The deductions on the income tax for handicapped employees under section 80U can be claimed when the following requirements will be completed. It must be noted here that the deductions will only be allowed for the time for which the following requirements will be fulfilled. If the nature of the disability is temporary in the nature, then the exemption will be allowed for that duration of time in that particular financial year only.

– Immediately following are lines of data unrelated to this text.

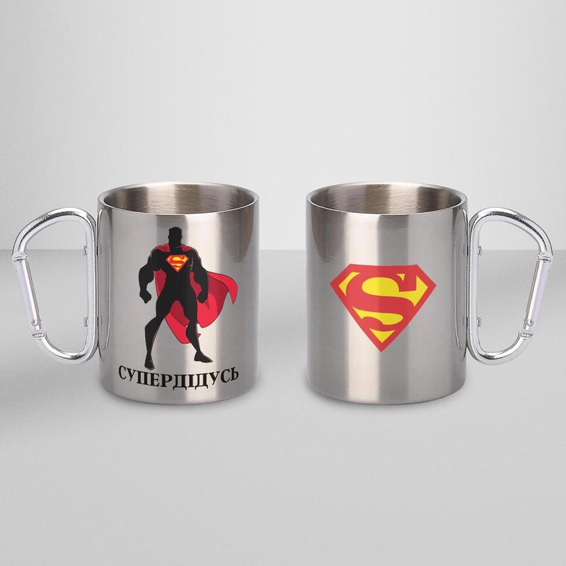 Кружка металева з карабіном "супердідусь" 300 мл срібляста
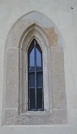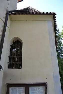 Po jižním boku presbytáře se nachází nízká zděná hranolovitá věž. Ta byla před opravou fasády členěna pouze jednoduchou mezipatrovou a okapní římsou. Průzkum odhalil pouze malované modrošedé lisény a šambrány kolem oken. Římsy byly ve světle okrové barvě základní plochy.
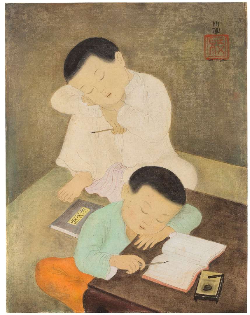 Enfants endormis est une soie typique du travail de Mai Trung Thứ au début des années 1940, lors des expositions données en Algérie et également à Casablanca. Acquise à la Galerie L'Art Vivant et transmise familialement par la suite, cette soie illustre deux écoliers, représentés dans une composition pyramidale. Ici, les jeunes garçons se sont endormis alors qu’ils étudiaient. Aux pieds de celui vêtu de blanc se trouve un cahier sur lequel est noté son nom : Chen Wen Qin.

  • The deduction can be claimed only if the individual suffers from the disability mentioned above.
  • The percentage of disability should not be below 40% for claiming the disability.
  • If a person is claiming a deduction for severe disability, then the disability percentage should not be at less than 80%.
  • One should explain the type of disability according to the act to claim deductions on the taxable amounts.
  • One should obtain the medical certificate stating the type of disability in the manner prescribed in form 10-IA.
  • If the medical certificate of the disability got expired then no deductions are allowed.
  • The medical certificate should be made and signed by a neurologist having a degree of medicine in neurology.

 

Conclusion

An Indian resident with more than 40% disability can claim the tax deductions under section 80U of the Income Tax Act, 1961. But it should be noted if the individual opts for the newly proposed tax provisions from the financial year 2020-21 then the deductions under section 80U will be available able for the old regime taxation system and the new regime taxation system.

The amount of the exemptions varies according to the percentage of the disability of the individual. Under section 80U the tax deduction can be claimed only by the individual who is disabled and on the medical expenditure for the concerned disability.

Although there may be a scenario when the medical expenditure is higher, it should be noted that the amount of the deduction will be the same as decided by section 80U and cannot be increased. As the tax exemption is in accordance with the percentage of the disability and not of the percentage of the expenses incurred in medical treatment.